Who was Mary Magdalene? Could she have been the wife and beloved of Jesus? What became of her after the Crucifixion? Why was her story suppressed by the Church Fathers and why must we now retrieve it? With an eye to the "Easter Mysteries" celebrated at the Spriing equinox, Dr. Starbird, who has published seven books on Mary Magdalene and continues to do Magdalene research, will examine the sacred partnership revealed at the very heart of the Christian faith. Reclaiming this ancient mystery corrects a tragic "design flaw" in Christian doctrine-the loss of the Holy Bride. Reclaiming Mary Magdalene as "Bride" absolves the Church of a need for a celibate priesthood.

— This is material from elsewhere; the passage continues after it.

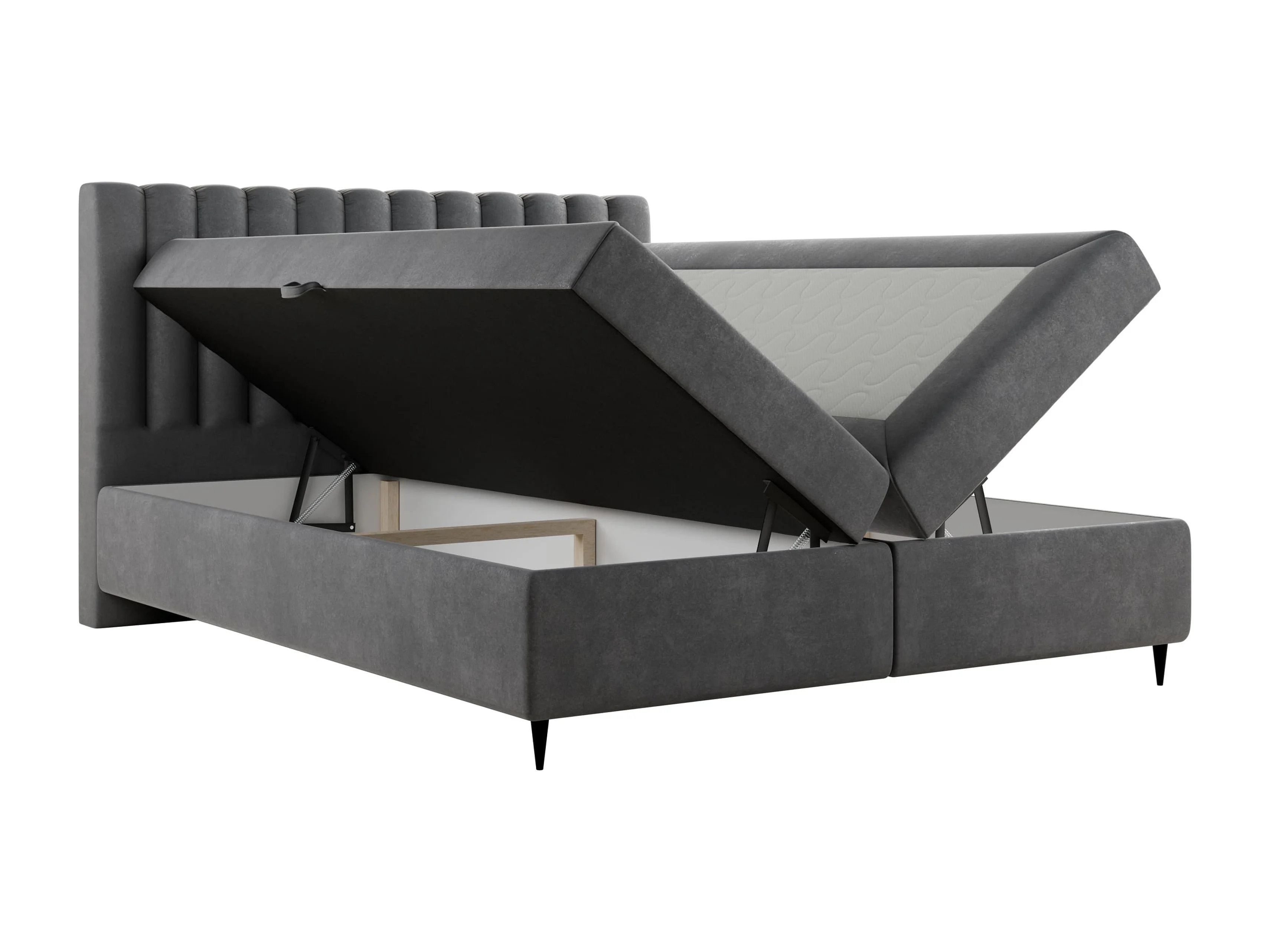 Boxspringbett LUX II, 160x200 cm, Dunkelgrau, inkl. 2 Bettkästen und Topper

This "new story" of Mary Magdalene provides us with a model for our own journey with Christ. Her first book The Woman with the Alabaster Jar (1993) was followed by The Goddess in the Gospels (1998). Other titles include: Magdalene's Lost Legacy (2003), The Feminine Face of Christianity (2003), and Mary Magdalene, Bride in Exile (2005). Her latest work, co-authored with Joan Norton, is 14 Steps to Awaken the Sacred Feminine.

Margaret Starbird and her husband of 43 years have five grown children and six grandchildren. They live in the Pacific Northwest.